**Try it:** Please set down, unchanged, each line from the one with "雨果再度創造了歷史,他成爲巴" to the final line of the data below, both included. Drop the pictures.

[Collected data]
= = = =

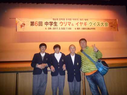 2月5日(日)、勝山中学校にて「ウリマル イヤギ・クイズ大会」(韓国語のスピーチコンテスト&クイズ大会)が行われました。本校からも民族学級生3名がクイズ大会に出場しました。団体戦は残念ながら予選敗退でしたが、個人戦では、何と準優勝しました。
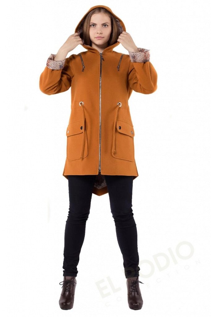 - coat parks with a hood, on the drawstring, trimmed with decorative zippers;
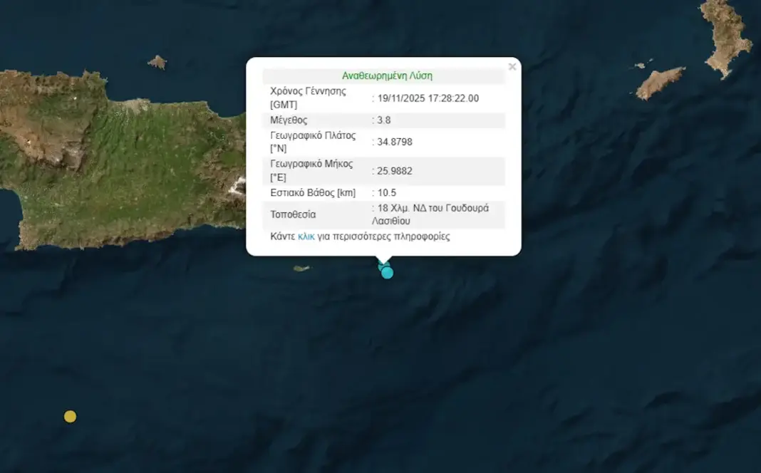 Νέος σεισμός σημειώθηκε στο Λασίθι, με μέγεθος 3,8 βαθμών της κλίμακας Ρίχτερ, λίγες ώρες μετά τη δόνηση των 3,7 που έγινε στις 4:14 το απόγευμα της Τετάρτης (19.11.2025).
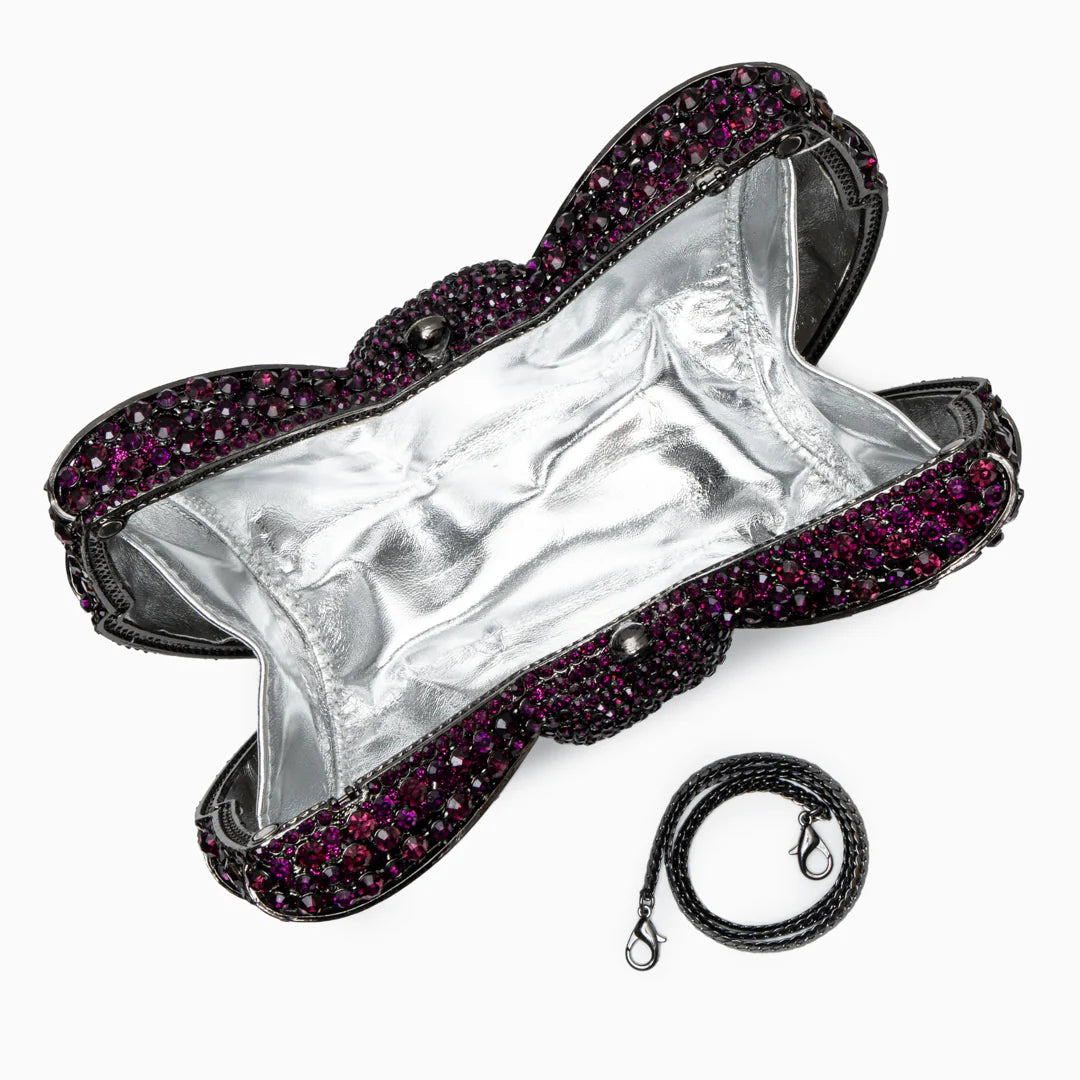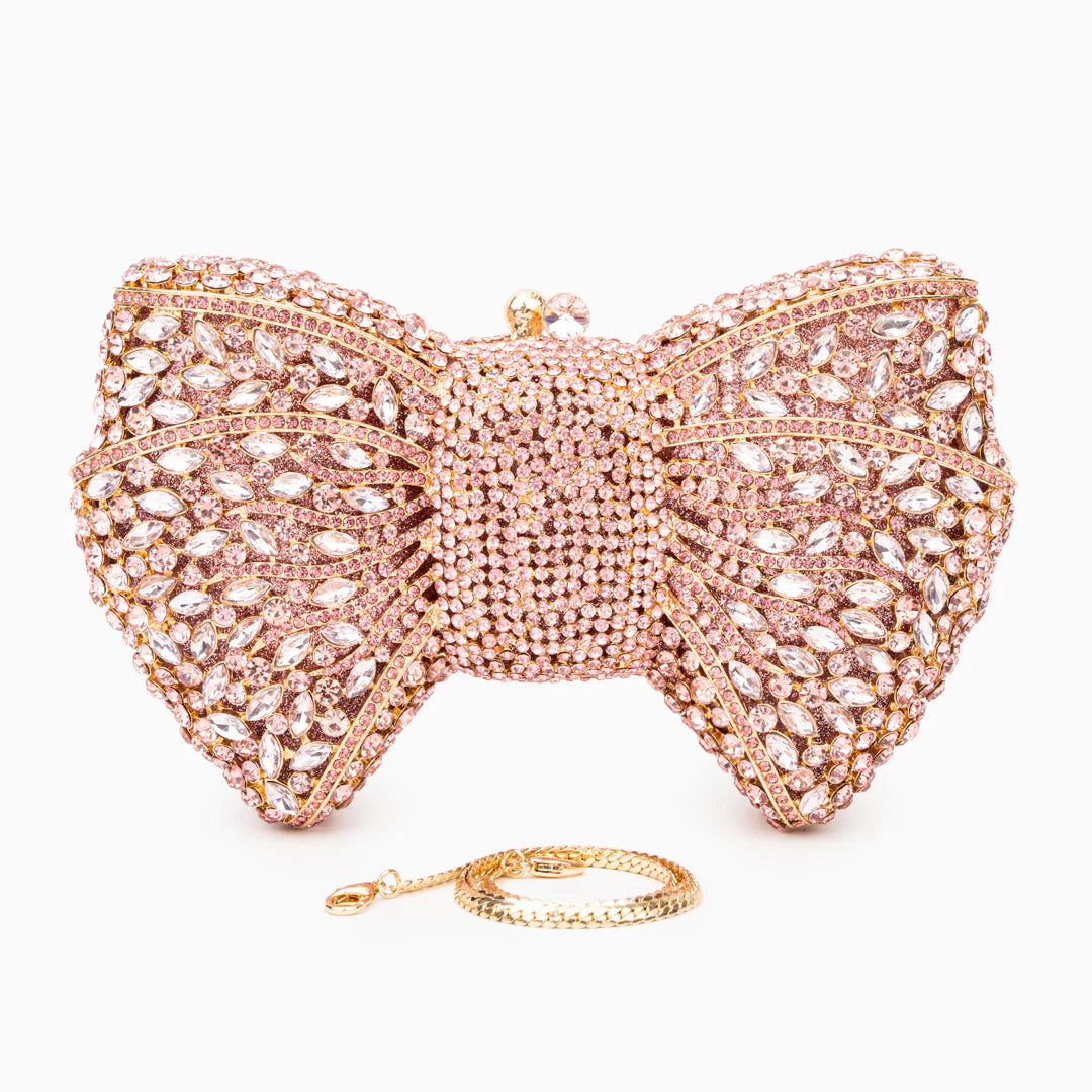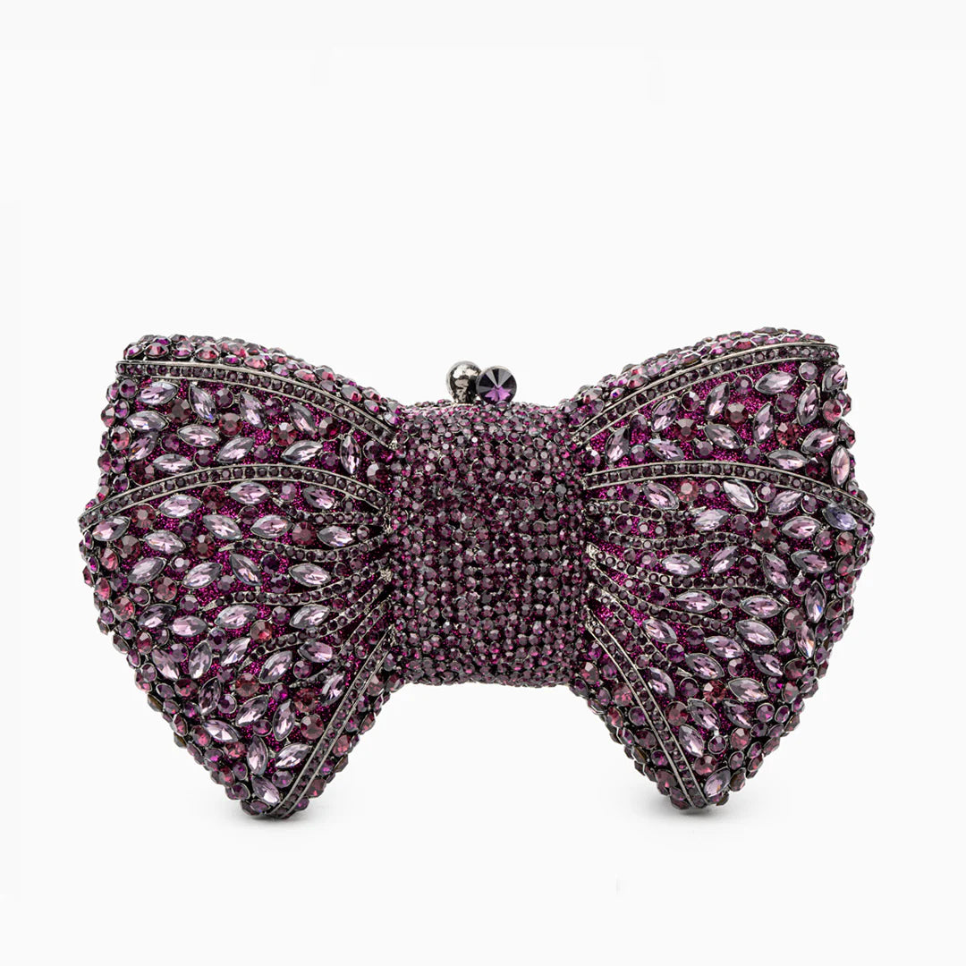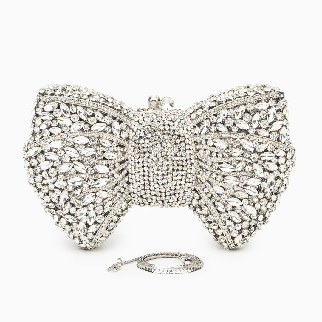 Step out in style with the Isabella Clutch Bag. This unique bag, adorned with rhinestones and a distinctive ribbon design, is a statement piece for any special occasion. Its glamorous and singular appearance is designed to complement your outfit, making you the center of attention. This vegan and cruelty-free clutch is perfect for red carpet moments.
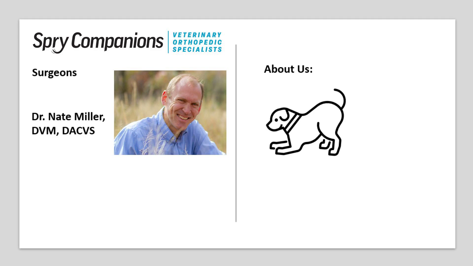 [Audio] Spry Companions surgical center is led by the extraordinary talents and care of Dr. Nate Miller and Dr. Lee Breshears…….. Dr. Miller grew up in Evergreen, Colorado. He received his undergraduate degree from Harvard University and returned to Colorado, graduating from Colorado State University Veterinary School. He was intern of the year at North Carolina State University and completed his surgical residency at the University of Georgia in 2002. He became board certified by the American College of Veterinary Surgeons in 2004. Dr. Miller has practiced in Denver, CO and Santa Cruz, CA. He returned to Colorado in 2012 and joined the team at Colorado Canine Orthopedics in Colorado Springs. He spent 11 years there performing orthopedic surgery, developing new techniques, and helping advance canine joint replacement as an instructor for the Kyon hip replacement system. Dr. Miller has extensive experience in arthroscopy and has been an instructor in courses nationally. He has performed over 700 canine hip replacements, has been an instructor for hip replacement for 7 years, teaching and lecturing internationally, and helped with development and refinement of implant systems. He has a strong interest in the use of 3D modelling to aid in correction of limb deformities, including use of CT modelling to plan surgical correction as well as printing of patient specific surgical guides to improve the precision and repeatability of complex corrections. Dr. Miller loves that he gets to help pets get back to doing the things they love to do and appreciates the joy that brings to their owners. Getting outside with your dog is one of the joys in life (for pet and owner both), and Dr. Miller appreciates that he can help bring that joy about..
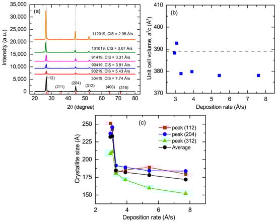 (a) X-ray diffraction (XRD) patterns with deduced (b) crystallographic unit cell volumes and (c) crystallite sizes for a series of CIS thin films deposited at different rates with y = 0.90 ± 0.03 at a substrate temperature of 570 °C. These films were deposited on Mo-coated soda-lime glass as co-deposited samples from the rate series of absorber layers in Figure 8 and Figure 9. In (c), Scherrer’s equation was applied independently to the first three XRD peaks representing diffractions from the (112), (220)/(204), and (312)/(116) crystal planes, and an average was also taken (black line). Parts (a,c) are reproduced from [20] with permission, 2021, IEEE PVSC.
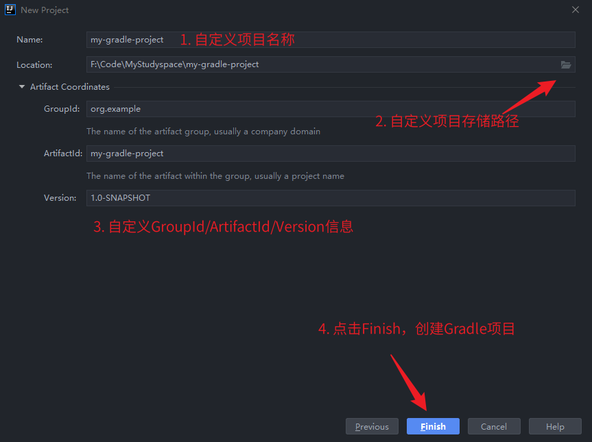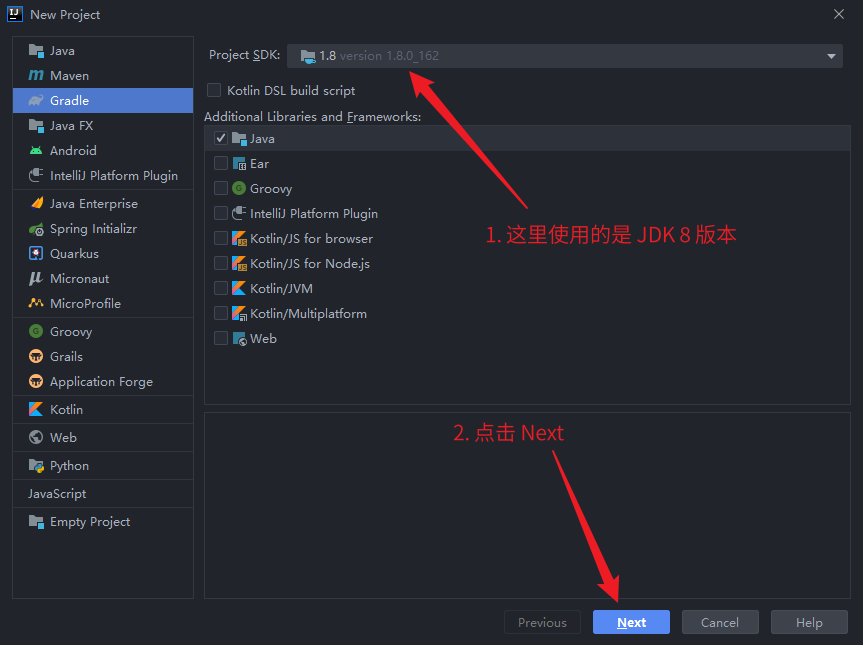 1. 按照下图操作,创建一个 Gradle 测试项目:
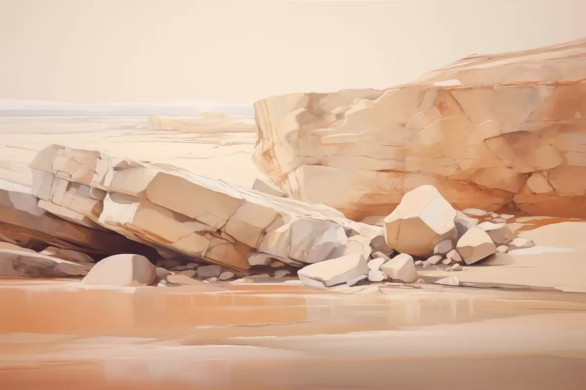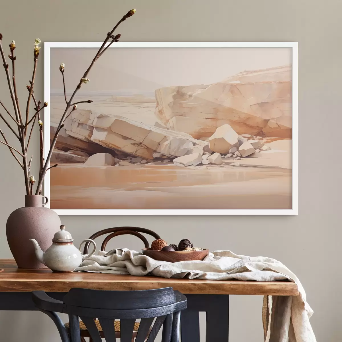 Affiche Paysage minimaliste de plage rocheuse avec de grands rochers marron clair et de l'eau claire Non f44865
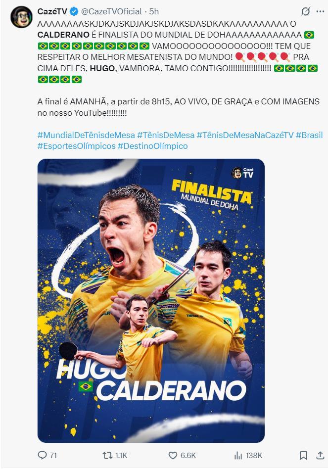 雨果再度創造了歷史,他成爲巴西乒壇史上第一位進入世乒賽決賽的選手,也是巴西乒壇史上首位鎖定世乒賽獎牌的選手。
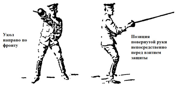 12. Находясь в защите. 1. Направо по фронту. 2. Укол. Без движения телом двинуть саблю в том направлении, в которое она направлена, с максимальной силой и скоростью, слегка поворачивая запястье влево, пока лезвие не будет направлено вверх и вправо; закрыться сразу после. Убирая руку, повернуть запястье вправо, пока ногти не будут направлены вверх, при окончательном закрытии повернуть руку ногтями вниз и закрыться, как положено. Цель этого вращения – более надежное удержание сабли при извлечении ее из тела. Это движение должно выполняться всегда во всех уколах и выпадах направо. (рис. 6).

= = = =

**Answer to this task:**
 雨果再度創造了歷史,他成爲巴西乒壇史上第一位進入世乒賽決賽的選手,也是巴西乒壇史上首位鎖定世乒賽獎牌的選手。
 12. Находясь в защите. 1. Направо по фронту. 2. Укол. Без движения телом двинуть саблю в том направлении, в которое она направлена, с максимальной силой и скоростью, слегка поворачивая запястье влево, пока лезвие не будет направлено вверх и вправо; закрыться сразу после. Убирая руку, повернуть запястье вправо, пока ногти не будут направлены вверх, при окончательном закрытии повернуть руку ногтями вниз и закрыться, как положено. Цель этого вращения – более надежное удержание сабли при извлечении ее из тела. Это движение должно выполняться всегда во всех уколах и выпадах направо. (рис. 6).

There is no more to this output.